■ Aim of the exercise
Could you write out, exactly as they stand, only the lines in the listing below from the line with "まず、本ビルと直結する南茨木" to the line with "Bérletárusítás: március 5.", both ends included, without the pictures?

■ Source material

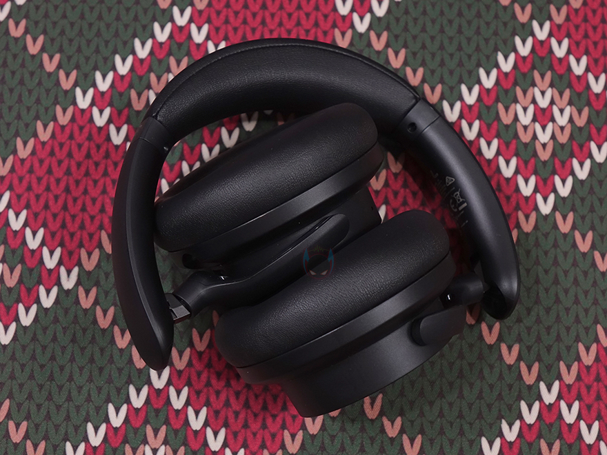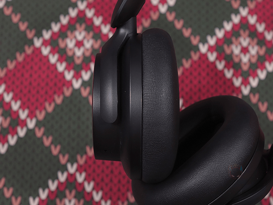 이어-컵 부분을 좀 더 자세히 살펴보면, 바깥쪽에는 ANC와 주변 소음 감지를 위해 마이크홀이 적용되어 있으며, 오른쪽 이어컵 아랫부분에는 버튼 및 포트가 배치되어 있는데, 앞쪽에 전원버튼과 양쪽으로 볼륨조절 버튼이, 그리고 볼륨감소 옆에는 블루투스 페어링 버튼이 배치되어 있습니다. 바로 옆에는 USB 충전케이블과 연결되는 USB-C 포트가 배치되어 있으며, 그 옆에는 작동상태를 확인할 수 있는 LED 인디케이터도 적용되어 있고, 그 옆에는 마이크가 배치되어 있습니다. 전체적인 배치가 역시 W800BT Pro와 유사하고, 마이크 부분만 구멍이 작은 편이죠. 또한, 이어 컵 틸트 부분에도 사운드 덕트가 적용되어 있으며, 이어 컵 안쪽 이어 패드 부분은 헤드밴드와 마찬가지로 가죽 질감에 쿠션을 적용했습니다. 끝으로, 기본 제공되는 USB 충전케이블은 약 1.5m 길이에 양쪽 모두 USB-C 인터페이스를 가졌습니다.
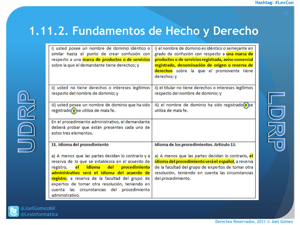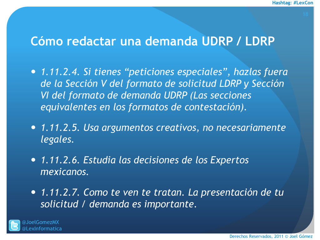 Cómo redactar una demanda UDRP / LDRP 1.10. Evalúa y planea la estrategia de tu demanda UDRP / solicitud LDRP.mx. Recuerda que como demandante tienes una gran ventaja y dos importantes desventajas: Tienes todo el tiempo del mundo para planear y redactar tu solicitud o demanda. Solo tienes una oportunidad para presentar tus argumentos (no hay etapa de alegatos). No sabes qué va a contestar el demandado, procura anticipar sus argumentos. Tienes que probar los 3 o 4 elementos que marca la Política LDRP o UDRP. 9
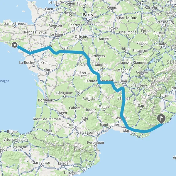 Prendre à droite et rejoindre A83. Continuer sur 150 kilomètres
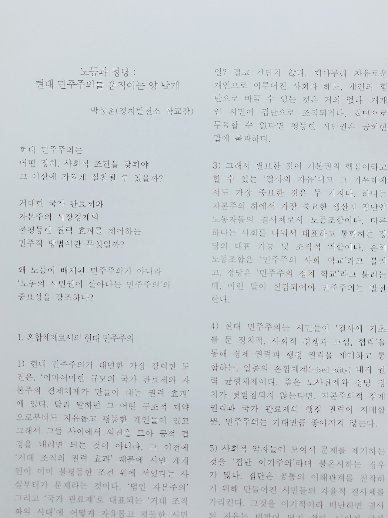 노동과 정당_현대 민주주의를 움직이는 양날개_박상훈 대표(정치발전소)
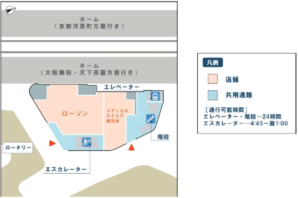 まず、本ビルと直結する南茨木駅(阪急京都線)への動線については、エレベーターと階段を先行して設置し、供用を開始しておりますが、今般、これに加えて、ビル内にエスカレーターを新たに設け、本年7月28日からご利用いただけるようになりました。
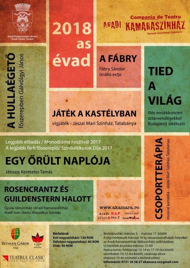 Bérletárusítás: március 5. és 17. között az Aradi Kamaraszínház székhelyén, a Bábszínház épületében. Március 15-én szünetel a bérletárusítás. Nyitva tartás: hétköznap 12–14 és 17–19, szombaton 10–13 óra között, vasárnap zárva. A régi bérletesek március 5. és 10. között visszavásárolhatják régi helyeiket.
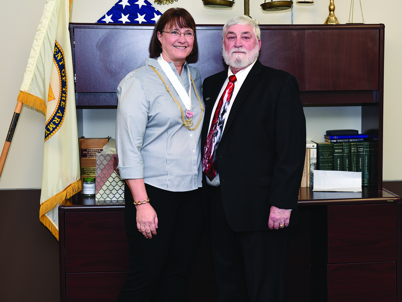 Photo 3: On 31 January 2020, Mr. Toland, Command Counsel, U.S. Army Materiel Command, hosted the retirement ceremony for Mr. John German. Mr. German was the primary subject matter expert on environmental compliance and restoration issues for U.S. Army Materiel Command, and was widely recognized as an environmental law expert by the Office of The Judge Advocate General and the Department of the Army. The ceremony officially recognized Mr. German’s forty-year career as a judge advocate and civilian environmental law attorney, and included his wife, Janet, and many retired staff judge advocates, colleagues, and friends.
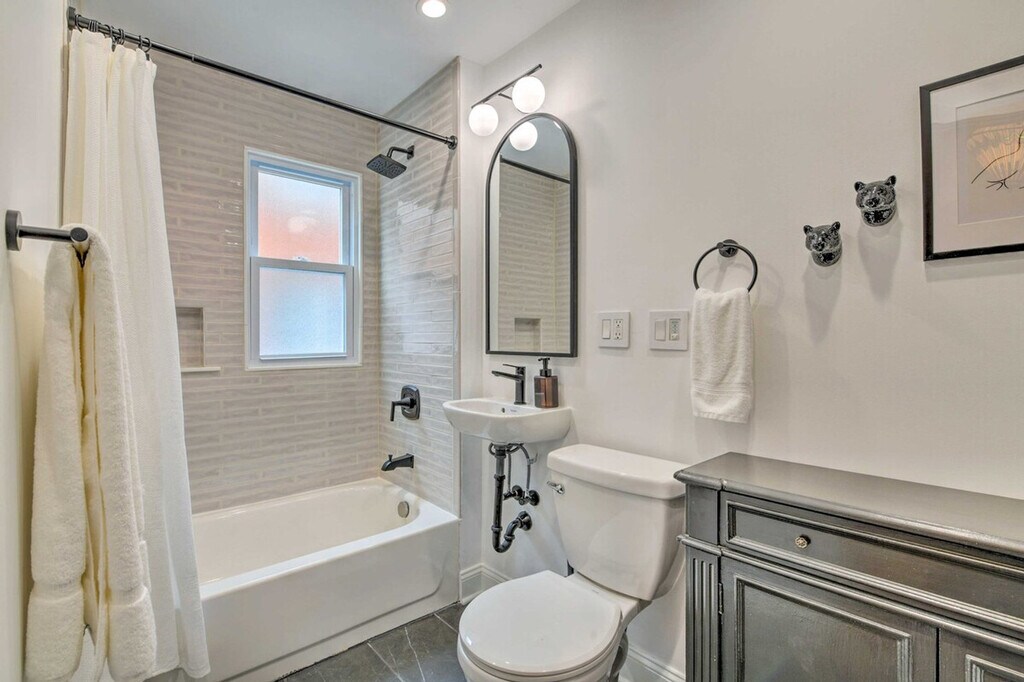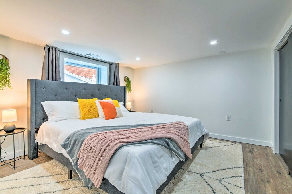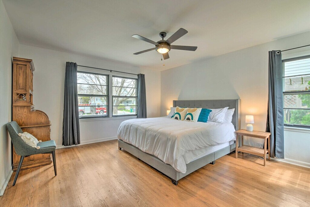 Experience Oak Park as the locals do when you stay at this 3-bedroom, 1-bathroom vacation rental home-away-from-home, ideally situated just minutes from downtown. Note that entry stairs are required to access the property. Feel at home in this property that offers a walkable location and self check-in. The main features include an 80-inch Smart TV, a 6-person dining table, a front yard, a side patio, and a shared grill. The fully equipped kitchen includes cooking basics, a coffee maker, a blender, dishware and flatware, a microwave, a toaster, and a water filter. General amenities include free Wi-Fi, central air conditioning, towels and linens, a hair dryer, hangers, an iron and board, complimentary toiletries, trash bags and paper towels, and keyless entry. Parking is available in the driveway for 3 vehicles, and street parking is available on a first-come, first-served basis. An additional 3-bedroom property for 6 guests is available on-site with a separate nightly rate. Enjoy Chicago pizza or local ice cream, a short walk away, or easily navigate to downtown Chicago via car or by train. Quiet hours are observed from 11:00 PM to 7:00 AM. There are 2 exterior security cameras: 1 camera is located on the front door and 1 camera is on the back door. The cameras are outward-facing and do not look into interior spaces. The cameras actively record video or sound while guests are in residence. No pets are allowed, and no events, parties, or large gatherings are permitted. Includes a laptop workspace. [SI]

...

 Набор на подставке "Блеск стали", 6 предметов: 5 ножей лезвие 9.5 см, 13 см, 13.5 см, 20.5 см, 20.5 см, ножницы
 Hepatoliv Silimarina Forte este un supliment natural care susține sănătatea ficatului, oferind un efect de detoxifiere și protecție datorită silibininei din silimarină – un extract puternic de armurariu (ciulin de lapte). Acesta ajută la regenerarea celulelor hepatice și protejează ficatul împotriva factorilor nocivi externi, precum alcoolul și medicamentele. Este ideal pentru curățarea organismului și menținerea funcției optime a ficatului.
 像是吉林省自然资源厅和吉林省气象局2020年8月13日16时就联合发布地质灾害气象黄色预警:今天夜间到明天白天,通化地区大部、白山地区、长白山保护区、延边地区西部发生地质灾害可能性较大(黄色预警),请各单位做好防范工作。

■ Exercise answer
 まず、本ビルと直結する南茨木駅(阪急京都線)への動線については、エレベーターと階段を先行して設置し、供用を開始しておりますが、今般、これに加えて、ビル内にエスカレーターを新たに設け、本年7月28日からご利用いただけるようになりました。
 Bérletárusítás: március 5. és 17. között az Aradi Kamaraszínház székhelyén, a Bábszínház épületében. Március 15-én szünetel a bérletárusítás. Nyitva tartás: hétköznap 12–14 és 17–19, szombaton 10–13 óra között, vasárnap zárva. A régi bérletesek március 5. és 10. között visszavásárolhatják régi helyeiket.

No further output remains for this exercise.